Below are records with pictures; copy word for word only the lines between the line with "uma cesta tradicional" and the line with "Emporio Armani Men's", inclusive, and drop the pictures.

● MATERIAL FOR THIS EXERCISE
□ □ □ □
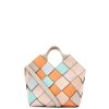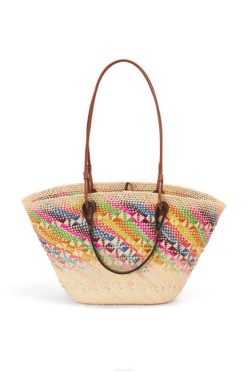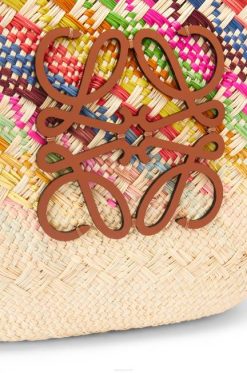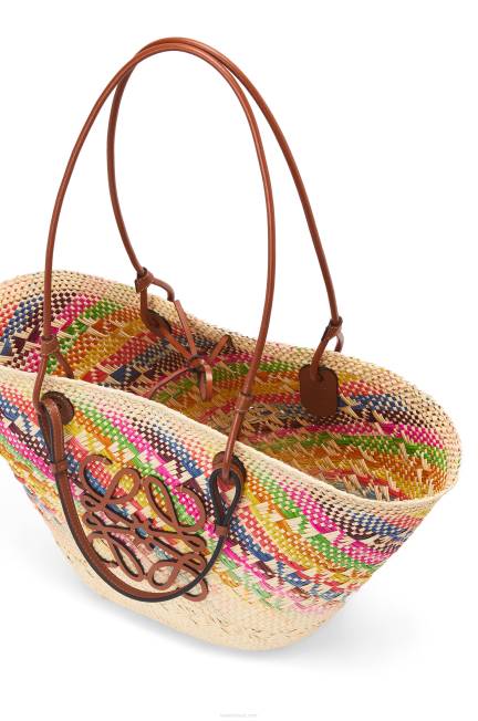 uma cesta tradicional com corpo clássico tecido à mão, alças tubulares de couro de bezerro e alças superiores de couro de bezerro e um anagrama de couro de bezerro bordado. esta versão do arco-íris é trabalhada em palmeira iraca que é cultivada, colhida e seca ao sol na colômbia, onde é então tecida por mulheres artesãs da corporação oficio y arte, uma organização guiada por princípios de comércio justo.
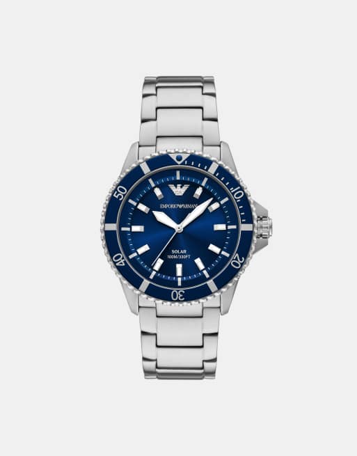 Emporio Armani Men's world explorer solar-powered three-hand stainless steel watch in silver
□ □ □ □
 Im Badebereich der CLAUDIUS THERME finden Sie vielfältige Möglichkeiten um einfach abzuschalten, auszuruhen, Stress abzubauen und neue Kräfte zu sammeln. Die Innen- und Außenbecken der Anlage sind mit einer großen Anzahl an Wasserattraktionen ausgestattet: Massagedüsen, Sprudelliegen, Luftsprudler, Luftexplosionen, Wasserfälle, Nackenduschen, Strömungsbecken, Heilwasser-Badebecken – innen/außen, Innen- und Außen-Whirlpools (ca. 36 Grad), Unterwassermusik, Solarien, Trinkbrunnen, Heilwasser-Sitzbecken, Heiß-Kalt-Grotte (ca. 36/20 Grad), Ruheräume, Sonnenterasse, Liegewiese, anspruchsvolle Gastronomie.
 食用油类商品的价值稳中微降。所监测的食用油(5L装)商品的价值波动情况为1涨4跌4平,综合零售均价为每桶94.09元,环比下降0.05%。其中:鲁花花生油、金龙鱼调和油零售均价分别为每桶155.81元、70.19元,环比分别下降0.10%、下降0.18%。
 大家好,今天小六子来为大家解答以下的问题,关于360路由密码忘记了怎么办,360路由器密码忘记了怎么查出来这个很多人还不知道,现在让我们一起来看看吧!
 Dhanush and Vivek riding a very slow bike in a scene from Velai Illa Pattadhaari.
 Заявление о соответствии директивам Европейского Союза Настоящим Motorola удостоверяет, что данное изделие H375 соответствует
□ □ □ □
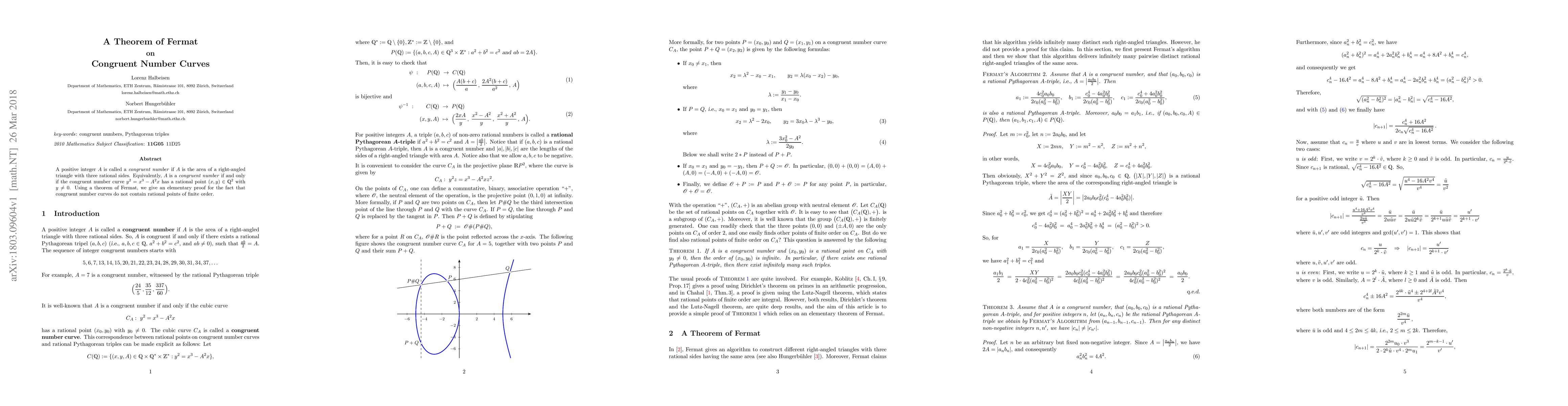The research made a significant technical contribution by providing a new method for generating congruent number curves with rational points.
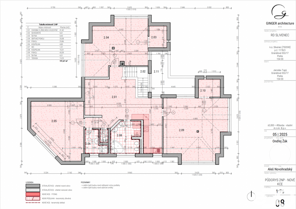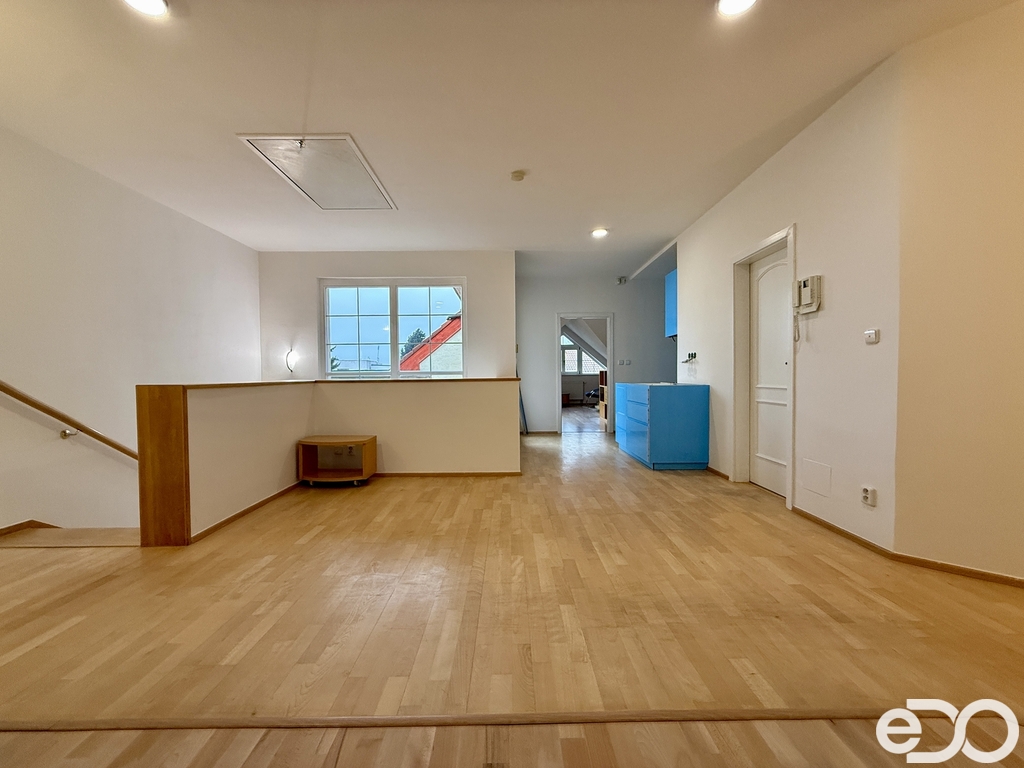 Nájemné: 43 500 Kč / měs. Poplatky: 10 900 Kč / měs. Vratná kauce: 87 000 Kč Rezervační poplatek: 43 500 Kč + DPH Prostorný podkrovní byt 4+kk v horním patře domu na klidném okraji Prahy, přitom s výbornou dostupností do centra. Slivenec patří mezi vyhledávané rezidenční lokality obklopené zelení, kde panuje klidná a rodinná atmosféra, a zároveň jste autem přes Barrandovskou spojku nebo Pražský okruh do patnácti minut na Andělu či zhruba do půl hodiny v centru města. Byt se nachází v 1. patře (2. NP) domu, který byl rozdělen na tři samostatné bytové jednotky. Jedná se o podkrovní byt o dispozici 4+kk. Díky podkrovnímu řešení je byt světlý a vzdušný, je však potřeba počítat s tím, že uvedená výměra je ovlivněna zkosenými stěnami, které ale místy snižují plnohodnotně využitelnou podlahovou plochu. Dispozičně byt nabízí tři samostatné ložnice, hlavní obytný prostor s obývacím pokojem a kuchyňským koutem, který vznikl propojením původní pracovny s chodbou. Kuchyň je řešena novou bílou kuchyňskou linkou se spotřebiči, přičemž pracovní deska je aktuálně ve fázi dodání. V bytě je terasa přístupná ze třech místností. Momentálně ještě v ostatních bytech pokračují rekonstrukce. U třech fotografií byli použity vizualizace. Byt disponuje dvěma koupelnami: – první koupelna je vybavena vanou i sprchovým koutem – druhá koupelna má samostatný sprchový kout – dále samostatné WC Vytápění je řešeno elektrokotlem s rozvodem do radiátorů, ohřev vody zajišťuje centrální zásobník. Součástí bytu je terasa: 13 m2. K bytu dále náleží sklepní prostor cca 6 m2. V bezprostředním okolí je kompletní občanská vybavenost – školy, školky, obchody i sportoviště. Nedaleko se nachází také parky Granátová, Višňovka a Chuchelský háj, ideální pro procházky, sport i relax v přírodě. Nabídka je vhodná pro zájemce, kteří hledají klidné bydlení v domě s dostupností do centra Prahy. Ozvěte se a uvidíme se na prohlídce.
□ □ □ □
● RESPONSE TO THIS EXERCISE
 uma cesta tradicional com corpo clássico tecido à mão, alças tubulares de couro de bezerro e alças superiores de couro de bezerro e um anagrama de couro de bezerro bordado. esta versão do arco-íris é trabalhada em palmeira iraca que é cultivada, colhida e seca ao sol na colômbia, onde é então tecida por mulheres artesãs da corporação oficio y arte, uma organização guiada por princípios de comércio justo.
 Emporio Armani Men's world explorer solar-powered three-hand stainless steel watch in silver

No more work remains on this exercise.